[Exercise prompt]: The reply should reproduce every line of the data below word for word, minus any images.

[Raw data]:
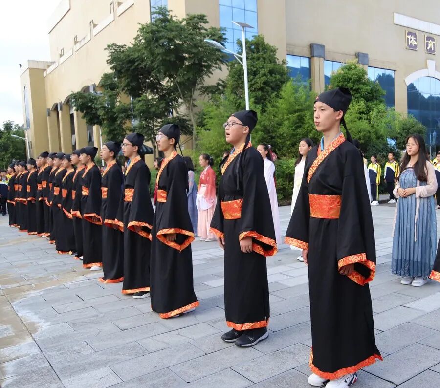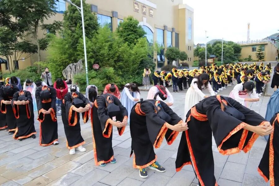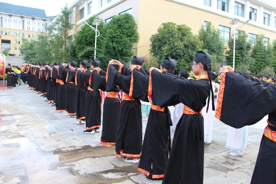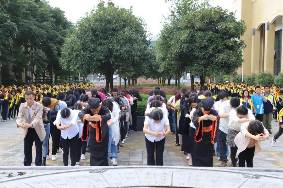 全体师生整理衣冠,端身正意,在主礼人宣读老师们撰写的诵文后,大家怀着一颗恭敬、感恩的心,向华夏先祖、大成至圣先师孔老夫子行三鞠躬礼。
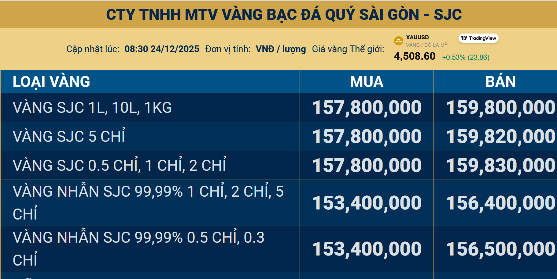 Giá vàng miếng trong nước sáng 24/12 được các công ty kinh doanh vàng niêm yết quanh mức 159,8 triệu đồng/lượng ở chiều bán ra, tăng 800 nghìn đồng/lượng so với chốt phiên hôm qua.
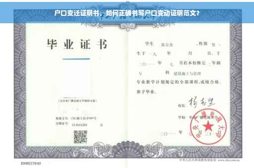 摘要:户口变迁证明书是用于证明个人户口迁移情况的正式文件。其范文应包括以下内容:标题为“户口变迁证明书”,接着写明被证明人的基本信息,如姓名、身份证号等;接着描述户口迁移的具体情况,包括原户口地址、现户口地址、迁移时间等;最后由出具证明的单位或机构签字盖章,并注明日期。全文应简洁明了,字数控制在100-200字以内。
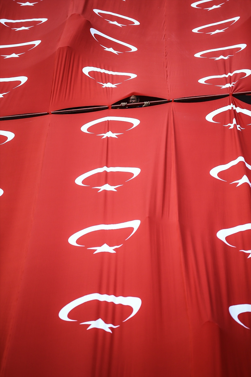 Beştepe'de Cumhurbaşkanlığı Külliyesi çevresinde toplanarak AK Parti Genel Merkezi'ne doğru yürüyüşe başlayan yaklaşık 6 bin vatandaş, 4 metre eninde, 1 kilometre uzunluğunda dev Türk bayrağı taşıdı.

[Exercise result]:
 全体师生整理衣冠,端身正意,在主礼人宣读老师们撰写的诵文后,大家怀着一颗恭敬、感恩的心,向华夏先祖、大成至圣先师孔老夫子行三鞠躬礼。
 Giá vàng miếng trong nước sáng 24/12 được các công ty kinh doanh vàng niêm yết quanh mức 159,8 triệu đồng/lượng ở chiều bán ra, tăng 800 nghìn đồng/lượng so với chốt phiên hôm qua.
 摘要:户口变迁证明书是用于证明个人户口迁移情况的正式文件。其范文应包括以下内容:标题为“户口变迁证明书”,接着写明被证明人的基本信息,如姓名、身份证号等;接着描述户口迁移的具体情况,包括原户口地址、现户口地址、迁移时间等;最后由出具证明的单位或机构签字盖章,并注明日期。全文应简洁明了,字数控制在100-200字以内。
 Beştepe'de Cumhurbaşkanlığı Külliyesi çevresinde toplanarak AK Parti Genel Merkezi'ne doğru yürüyüşe başlayan yaklaşık 6 bin vatandaş, 4 metre eninde, 1 kilometre uzunluğunda dev Türk bayrağı taşıdı.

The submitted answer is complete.